Is Public Scholarship About Telling Stuff To More People?

Cass Adair

By Cassius Adair, PhD Candidate, Department of English

Adair pic
Cassius Adair

I love to talk at people, which is one of the reasons I speak on more panels than maybe I should. Last month I ran– literally jogged across the Diag like a tardy freshman– from academic job market training in Angell Hall to a public scholarship panel on Rackham. In a way this is a heavy-handed metaphor for my academic life: my research lives in one building, my community engagement work elsewhere. Out of breath and sweaty, I arrived at the public scholarship event wondering how many times I’d done something like this, running myself ragged trying to do all the things I love. I wished for about the millionth time that Hermione could loan me her time-turner.

At the panel itself, of course, the moderator asked my panelists and I how we see our public and non-academic work fitting in with our scholarly work. At first I struggled with assimilating my whole life into a succinct answer to my colleague’s question: there was an engaged learning class that I taught during my third year, the times I’ve given talks on my research to groups of social workers, the internship at the local public radio station that has introduced me to a whole new world of reading, writing, and communicating complex ideas. Off the cuff, I told the audience that all of these things are all pretty much the same: it’s all just learning stuff and telling people about it. And it’s true: sure, I obsess over my research, but I’m just as energized by imagining how to get that new knowledge to the people who would most be curious about it, or benefit from it, or be challenged by it. It’s a reason I’ve loved working in an English department and teaching first-year composition courses. It’s also a political commitment of mine to try to spread knowledge around, especially to people outside of academic spaces.

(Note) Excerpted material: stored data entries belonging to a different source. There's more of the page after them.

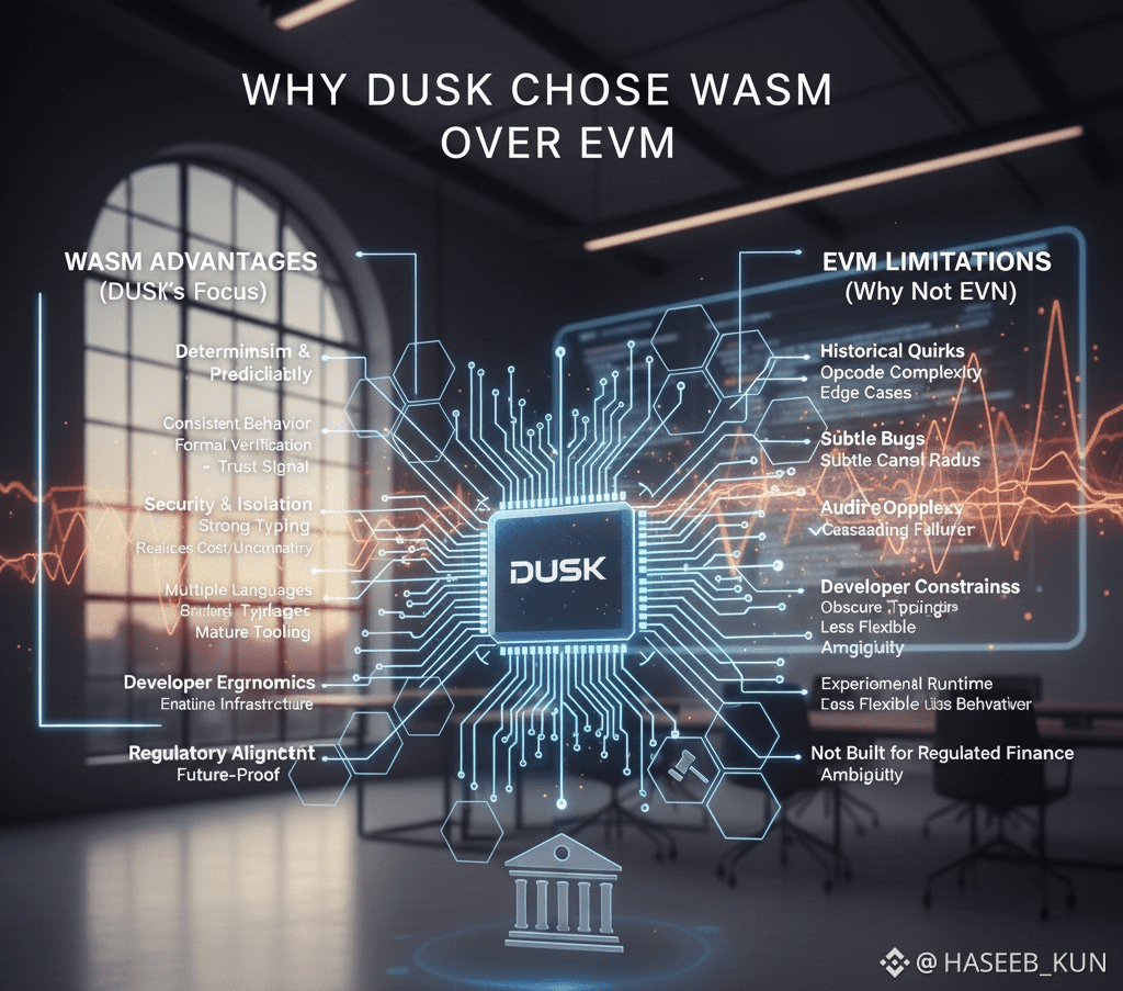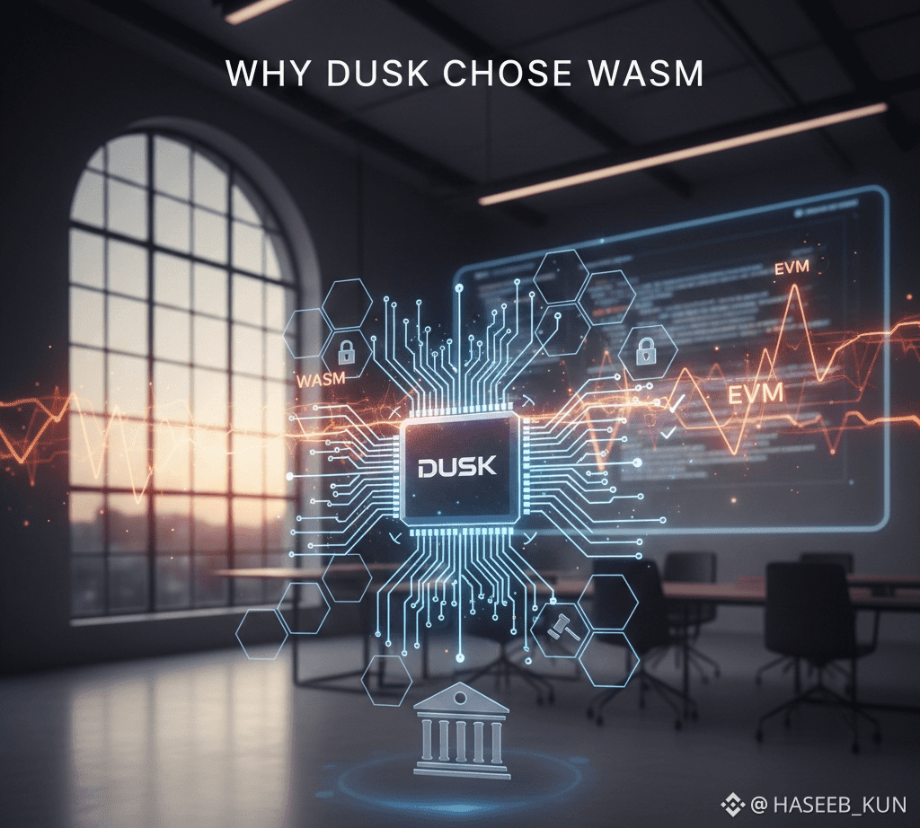 I still remember the moment when the choice finally clicked for me. I was comparing blockchains that claimed to be “ready for institutions,” and almost all of them leaned heavily on the EVM. Familiar. Proven. Comfortable. Yet something felt off. When you look closely at regulated finance—real securities, compliance rules, predictable settlement—you realize that familiarity alone isn’t enough. That’s when Dusk’s decision to build its core execution layer on WASM instead of EVM started to make deep, practical sense.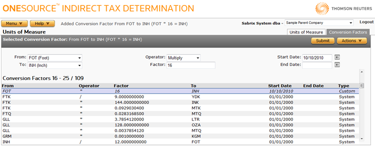 ONESOURCE Indirect Tax Determination provides a list of default conversion factors (indicated by the label System in the Type column. You can add your own custom conversion factors (indicated by the label Custom in the Type column), or redefine these default conversion factors by adding a custom override.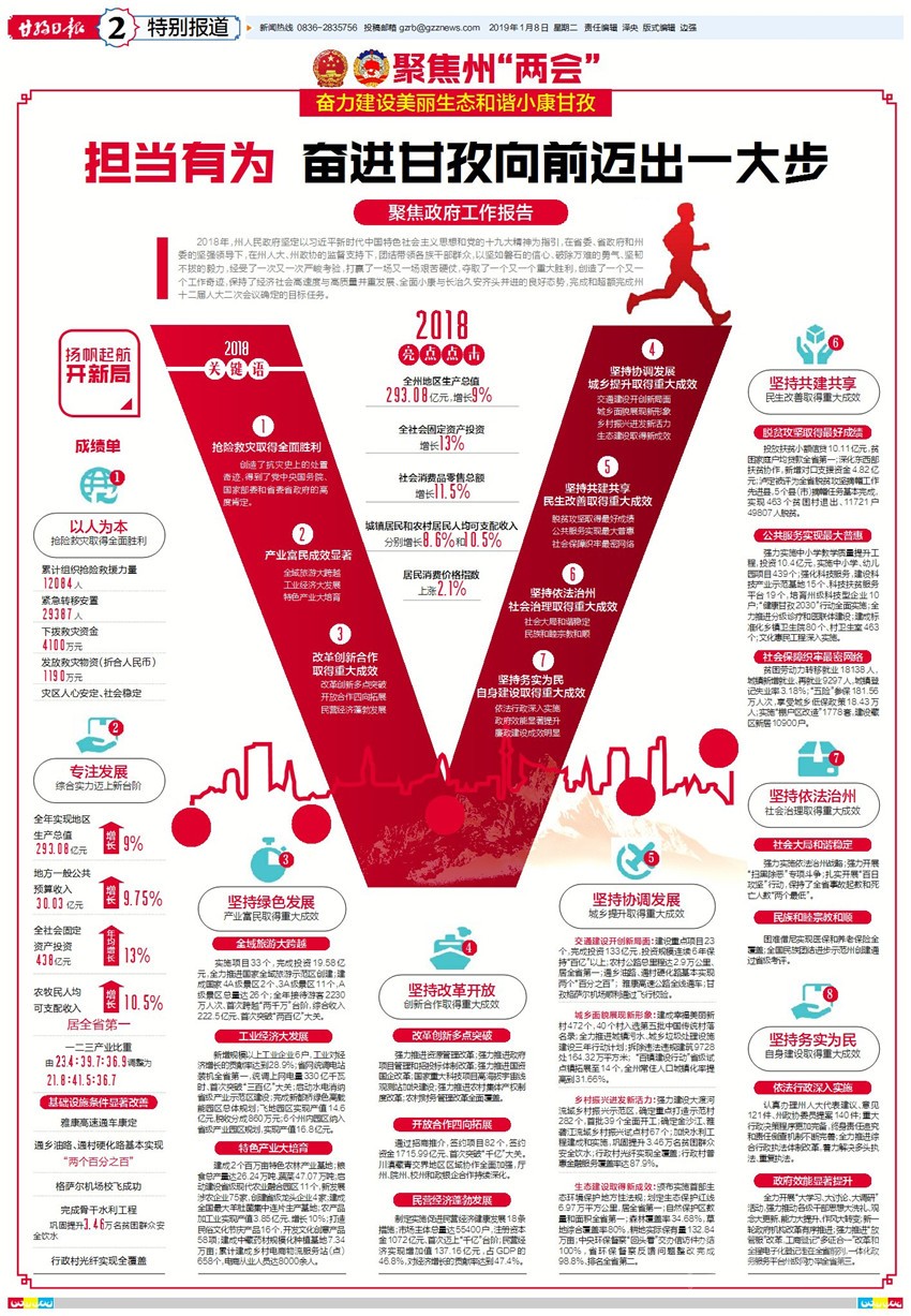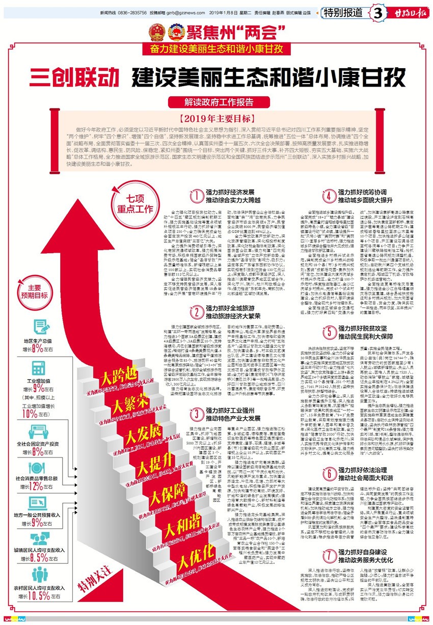 肖友才指出,今年發(fā)展形勢更加復(fù)雜、發(fā)展任務(wù)更加繁重,我們必須緊緊抓住大有可為的重要戰(zhàn)略機(jī)遇期和政策紅利“窗口期”,統(tǒng)籌兼顧、突出重點、突破難點,全力保持經(jīng)濟(jì)社會高速度與高質(zhì)量并重發(fā)展良好態(tài)勢,重點做好以下工作:一是強(qiáng)力抓好經(jīng)濟(jì)發(fā)展,推動綜合實力大跨越。堅持把項目投資作為推動高質(zhì)量發(fā)展的重中之重,全力確保完成全社會固定資產(chǎn)投資460億元以上、地區(qū)生產(chǎn)總值突破“三百億”大關(guān);深化商貿(mào)流通領(lǐng)域改革,強(qiáng)力拓展消費(fèi)市場,健全“圣潔甘孜”產(chǎn)品質(zhì)量標(biāo)準(zhǔn)體系,實現(xiàn)社會消費(fèi)品零售總額112億元以上;堅定不移支持民營經(jīng)濟(jì)發(fā)展,力爭民營經(jīng)濟(jì)市場主體突破6萬戶、民營企業(yè)突破8000戶,民營經(jīng)濟(jì)增加值占GDP比重達(dá)到48%以上;堅持以供給側(cè)結(jié)構(gòu)性改革為主線,強(qiáng)力推動各項改革任務(wù)落地見效。二是強(qiáng)力抓好全域旅游,推動旅游經(jīng)濟(jì)大繁榮。堅定不移實施產(chǎn)業(yè)富民戰(zhàn)略,全力推進(jìn)以全域旅游為核心的生態(tài)優(yōu)先、綠色發(fā)展,強(qiáng)力構(gòu)建“三環(huán)一帶兩濕地”發(fā)展格局,全力打造世界重要旅游目的地和國家全域旅游示范區(qū);堅持把建設(shè)國際生態(tài)文化旅游目的地作為重要工作,全力打響中國最美雪山、中國最美濕地、中國最美草原、中國最美藏寨、中國最美漢子“五張名片”,強(qiáng)力培育生態(tài)文化旅游品牌。三是強(qiáng)力抓好工業(yè)強(qiáng)州,推動特色產(chǎn)業(yè)大發(fā)展。堅定不移實施工業(yè)強(qiáng)州戰(zhàn)略,堅持“優(yōu)先發(fā)展新興產(chǎn)業(yè)、大力發(fā)展農(nóng)特加工產(chǎn)業(yè)、有序發(fā)展電礦產(chǎn)業(yè),大建園區(qū)、建大園區(qū),大建基地、建大基地,大建產(chǎn)業(yè)、建大產(chǎn)業(yè)”思路,強(qiáng)力推進(jìn)產(chǎn)業(yè)向園區(qū)集中;堅持以建設(shè)國家級清潔能源基地為統(tǒng)攬,積極穩(wěn)妥開發(fā)礦產(chǎn)資源,積極發(fā)展戰(zhàn)略性新興產(chǎn)業(yè),強(qiáng)力推進(jìn)電礦向高端集群;堅持以建設(shè)現(xiàn)代高原特色農(nóng)牧業(yè)基地為重點,深入推進(jìn)農(nóng)業(yè)供給側(cè)結(jié)構(gòu)性改革,強(qiáng)力推進(jìn)龍頭向基地集聚。四是強(qiáng)力抓好統(tǒng)籌協(xié)調(diào),推動城鄉(xiāng)面貌大提升。堅定不移實施城鄉(xiāng)提升戰(zhàn)略,堅持“七管齊下”“四態(tài)合一”的思路,做強(qiáng)縣城、做優(yōu)鄉(xiāng)鎮(zhèn)、做美村寨,全面推進(jìn)城鄉(xiāng)建設(shè)提檔升級;堅定不移實施鄉(xiāng)村振興戰(zhàn)略,編制完成全州鄉(xiāng)村振興戰(zhàn)略規(guī)劃和18個縣(市)鄉(xiāng)村振興規(guī)劃,全面推進(jìn)鄉(xiāng)村振興試點示范;堅定不移實施交通先行戰(zhàn)略,強(qiáng)力打好第四輪“交通大會戰(zhàn)”,全面推進(jìn)區(qū)域綜合交通樞紐;高標(biāo)準(zhǔn)編制災(zāi)后重建實施方案和項目清單,強(qiáng)力推進(jìn)金沙江白格堰塞湖災(zāi)后恢復(fù)重建。五是強(qiáng)力抓好脫貧攻堅,推動民生民利大保障。堅定不移實施扶貧攻堅戰(zhàn)略,堅持把脫貧攻堅作為最大的政治責(zé)任、最大的民生工程、最大的發(fā)展機(jī)遇,決戰(zhàn)決勝脫貧攻堅;深入實施教學(xué)質(zhì)量提升工程,深化醫(yī)療衛(wèi)生體制改革,完善公共文化服務(wù)體系,全力辦好社會事業(yè);堅持就業(yè)優(yōu)先,大規(guī)模開展職業(yè)技能培訓(xùn),全面實施全民參保計劃,依法保障退役軍人合法權(quán)益,持續(xù)推進(jìn)城鎮(zhèn)棚戶區(qū)改造,全力做好水電移民安置工作,筑牢社會保障體系;堅定不移實施生態(tài)文明建設(shè)戰(zhàn)略,嚴(yán)格落實“三線一單”制度,強(qiáng)力推進(jìn)國家生態(tài)文明建設(shè)示范區(qū)創(chuàng)建,提升生態(tài)民生福祉。六是強(qiáng)力抓好依法治理,推動社會局面大和諧。堅定不移實施依法治州戰(zhàn)略,深化“三區(qū)”維穩(wěn)體系和依法常態(tài)化治理,深入開展反分裂斗爭,建設(shè)更高質(zhì)量的平安甘孜;堅定不移把社會管理納入法治化軌道,鞏固更加和諧的民族宗教關(guān)系;堅定不移落實安全生產(chǎn)“黨政同責(zé)、一崗雙責(zé)、齊抓共管、失職追責(zé)”責(zé)任制,構(gòu)建更大密度的安全監(jiān)管網(wǎng)絡(luò)。七是強(qiáng)力抓好自身建設(shè),推動政務(wù)服務(wù)大優(yōu)化。堅持依憲施政、依法治政,自覺運(yùn)用法治思維和法治方式推進(jìn)政府工作,堅決讓公平和正義成為常態(tài);完成新一輪政府機(jī)構(gòu)改革,形成職責(zé)明確、依法行政的政府治理體系,堅決用實干和效率贏得民心;全面落實從嚴(yán)治黨主體責(zé)任,把經(jīng)濟(jì)社會發(fā)展與黨風(fēng)廉政建設(shè)同部署、同安排、同考核,堅決把紀(jì)律和規(guī)矩挺在前面。

That said, I do want to offer one corrective to what I told that panel audience last week: as much as I enjoy public speaking, the academy that I want to see in the world also needs public listening. This is also something I’ve learned working in public radio for the last year: in trying to make community issues feel real for a public radio audience, my most important tool usually isn’t my voice, but my ears. Since starting my internship, I’ve tried to heal the academic / non-academic bifurcation in my brain by linking two sets of concerns: “What are the questions that are urgent to people right now?” and “What could academics do to help answer those questions?” My own research into identification documents and the stories people tell about them tries to do a little slice of this: the project has been monumentally informed by hanging out with transgender friends who are worried about being discriminated against when they show their license at the local pub, or listening to the children of undocumented residents of Washtenaw County tell members of city council that they’re worried every time their parents have to show ID to pick them up from school. What if, in the Humanities PhD of the future, we could help students co-construct projects with folks who are asking critical questions in their own lives? It’s hard, but not impossible. Feminist scholarship like Richa Nagar’s Playing with Fire has already challenged academics to create collaborative and responsive research methods that blend the close textual analysis and theoretical acumen with new norms of scholarly listening. But I’m still reaching for how to do this type of work myself. It’s intimidating to reach outside my own methodological areas of expertise, for sure. Plus, I’m still wondering how to construct a research ethics that balances respectful community engagement with the creative protocols of humanist scholarly production.

This year, I’m going to try to talk less, and smile listen more. I’ll probably still monologue too much about my favorite dissertation facts, especially if I’ve had a drink or two. That said, I’ll try to prioritize opening my ears as much as my mouth. (A blog post doesn’t count as talking, right?